Depth, Training Data, and Representational Richness
Deeper or highly curated models (e.g., Phi-2) exhibit richer and clearer geometric signatures (2D manifolds, sharper orthogonality, stronger focusing). Mixed-domain prompts in deeper models can produce multi-lobed or higher-dimensional value structures, which collapse under domain restriction. Training on curated data enhances geometric clarity and likely supports more robust uncertainty modeling.

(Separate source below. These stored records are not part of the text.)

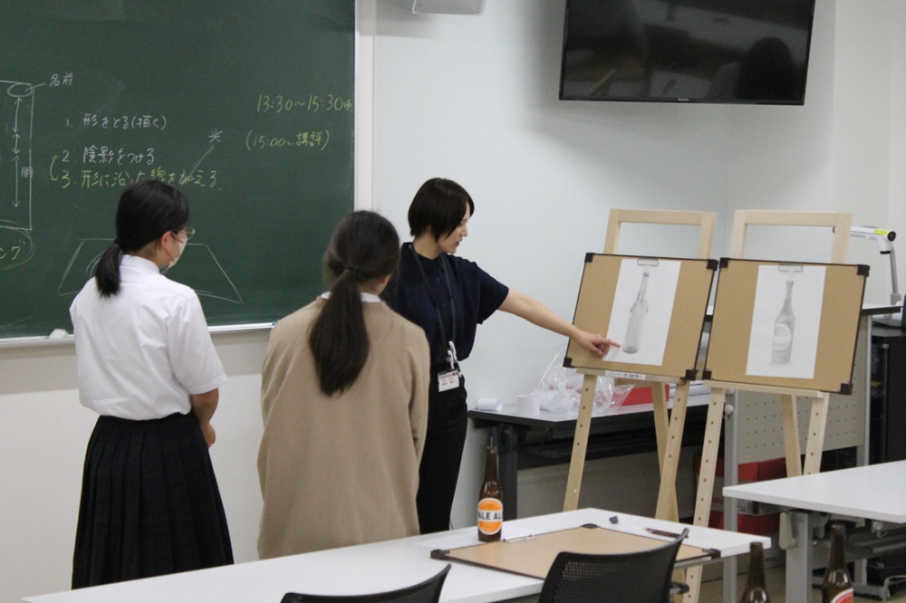 当日は美術科の入試科目でもある「美術科デッサンの体験をしよう!」も同時開催し、本校の美術科教員よりデッサンのポイントをお伝えさせていただきました。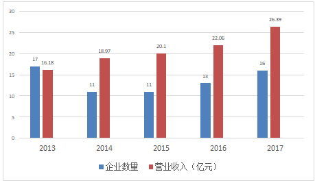 | 年份 | 企業(yè)數(shù)量(家) | 營業(yè)收入(億元) | 增長率 | 吸納從業(yè)人數(shù)(人) |
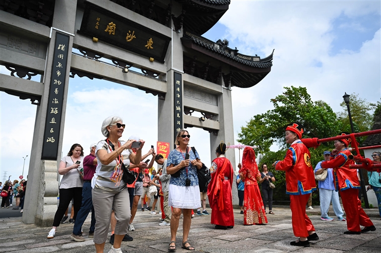外籍游客游东沙古镇 记者 姚凯乐 郭超 摄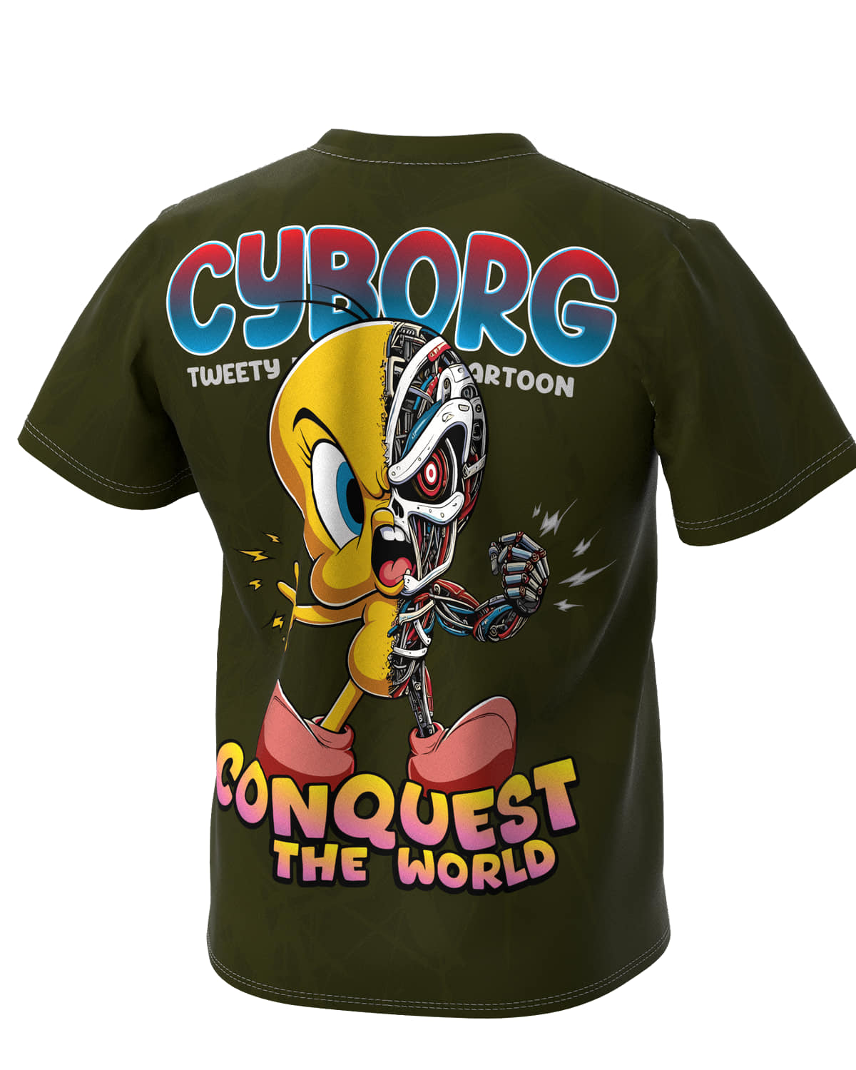 Tweety mitad amarillo cartoon clásico, mitad cyborg futurista con armadura metálica, ojo láser rojo, circuitos expuestos y brazo mecánico armado. Pose épica, relámpagos y texto "CYBORG CONQUEST THE WORLD" en gradiente neón azul-rojo que grita dominio total.

Architectural Trade-offs and Scaling Implications
Grouped-query attention architectures (e.g., Llama-3.2-1B) achieve efficiency gains but at the expense of diminished orthogonality and focusing clarity. Mistral-family models further attenuate focusing via sliding-window and MoE routing but retain static manifolds and hypothesis frames. This demonstrates a separation between universal representational substrates and mechanism-specific dynamics, matching the frame–precision dissociation predicted by gradient analyses.
Robustness, Limitations, and Open Directions
Bayesian geometric invariants (value manifolds, hypothesis frames) are robust across architecture, depth, and training regime, while layerwise focusing is sensitive to routing capacity. The emergence of multidimensional manifolds in large/deep models, the causes of architecture-dependent variability, and the precise triggering conditions for manifold collapse require further analysis—particularly at frontier model scales and in more diverse architectural regimes.

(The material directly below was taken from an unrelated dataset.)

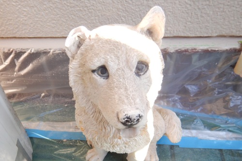 お客様の玄関先に置かれているイヌの置物。

Implications and Future Research
This study provides direct evidence that transformers internalize a geometric coordinate system for representing uncertainty, and that evidence integration during inference leverages this substrate. Manifold coordinates offer a scalable, architecture-agnostic axis for uncertainty tracking and may support new diagnostics for interpretability, safety, and reliability estimation. Establishing causal roles and developing interventional methods remain open avenues. The findings motivate architectural choices (favoring standard MHA for interpretability) and curriculum learning strategies (curated-to-diverse data for geometric clarity).
Conclusion
Modern LLMs, regardless of scale or architectural optimization, develop low-dimensional geometric manifolds aligned with Bayesian uncertainty representation and update these representations during inference. However, the geometric substrate functions as a stable representational readout, not a singular computational pathway. The study opens a lens for principled mechanistic interpretability grounded in geometric invariants, with significant implications for architecture design, model analysis, and uncertainty quantification in next-generation AI.